Database for Annotation, Visualization and Integrated Discovery (DAVID) - practicing what we learned

Learning objectives

In this practice session, we will practice using DAVID.

Practicing what we learned

To help us apply what we learned during the lesson, we are going to use DAVID to obtain some functional annotation information on upregulated genes in the HCC1395 dataset. Recall that the HCC1395 dataset is derived from a study that profiled the transcriptome of HCC1395 breast cancer cell line and the HCC1395BL lymphoblastoid line, which makes this a tumor versus normal transcriptome comparison -- Griffith lab RNA sequencing course

Getting the data

The genes that exhibit higher expression in the tumor tissue (ie. log2 fold change ≥ 1 and false discovery rate ≤ 0.05) have been subsetted into the file hcc1395_deg_chr22_up_genes.txt.

Upload the data to DAVID

Before uploading the data, open hcc1395_deg_chr22_up_genes.txt to see what the content looks like. These should resemble gene symbols so select "OFFICIAL_GENE_SYMBOL" as the identifier type in Step 2. However, as a hint, DAVID might not recognize these and may divert you to the gene identifier conversion tool. If it does divert you, convert these to ENSEMBL_GENE_ID. At the gene ID conversion tool, how many IDs are available for conversion? Thus, out of the 157 genes that we are starting with, how many can we use in functional annotation analysis?

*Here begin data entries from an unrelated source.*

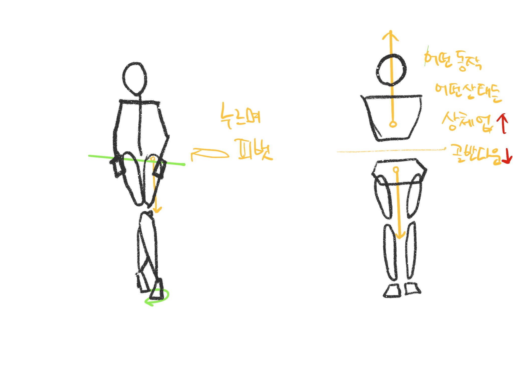 회전을 골반을 들어서 하려는 경향을 보일 수 있지만, 오히려 회전축 바깥에 있는 골반을 내려서 회전해야 안정적으로 피벗할 수 있다.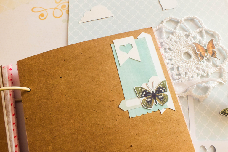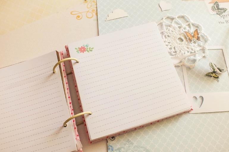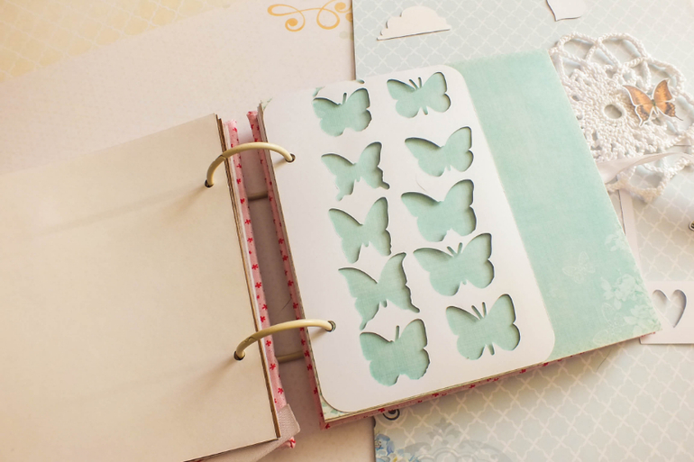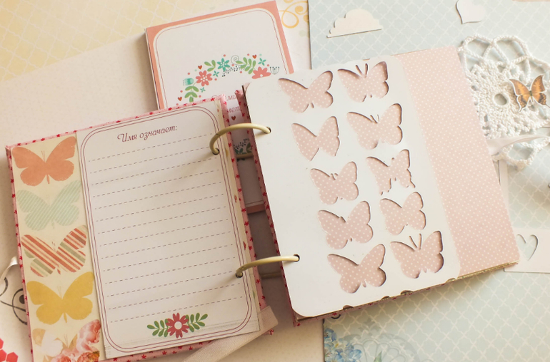 Блокнот на кольцах, что позволяет добавлять фотографии, памятные вещички и многое другое)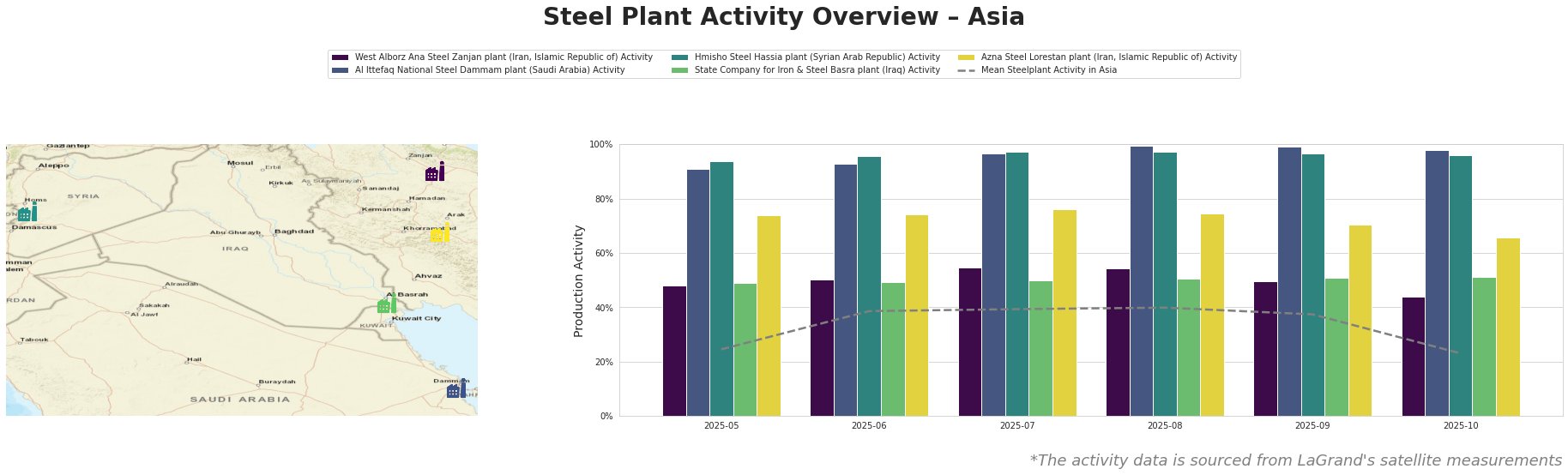 State Company for Iron & Steel Basra plant, an EAF-based facility with a smaller 500 ttpa capacity, displayed relatively stable activity levels around 49-51%. No direct link can be established between this steady activity and any specific news event.
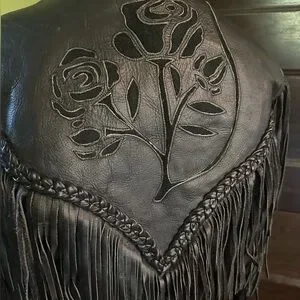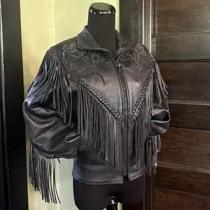 Black Fringe Leather Jacket vintage biker motorcycle jacket

Convert the gene IDs and then submit the converted IDs as a gene list called hcc1359_deg_chr22_up.

Results

Gene Functional Classifier

Using the Gene Functional Classifier to group genes with similar annotations, how many clusters do we get?

Potential Diseases

Now, run the Functional Annotation Tool. Look at the gene wise view for DISGENET, are there any genes in our input that map to cancer?

Gene Ontology

Go under the Gene Ontology section in the Annotation Summary Results and expand on it. Click the chart view for GOTERM_BP_DIRECT to look at some biological processes that the upregulated genes in the dataset map to. What are some of the processes? Does it make sense that we get genes that are expressed higher in the tumor samples mapping to these processes?

Functional Annotation Clusters

How many annotation clusters were generated using default parameters?

Look thoroughly through the annotations, are any expected annotations and unexpected ones given that this is a tumor versus normal comparison dataset?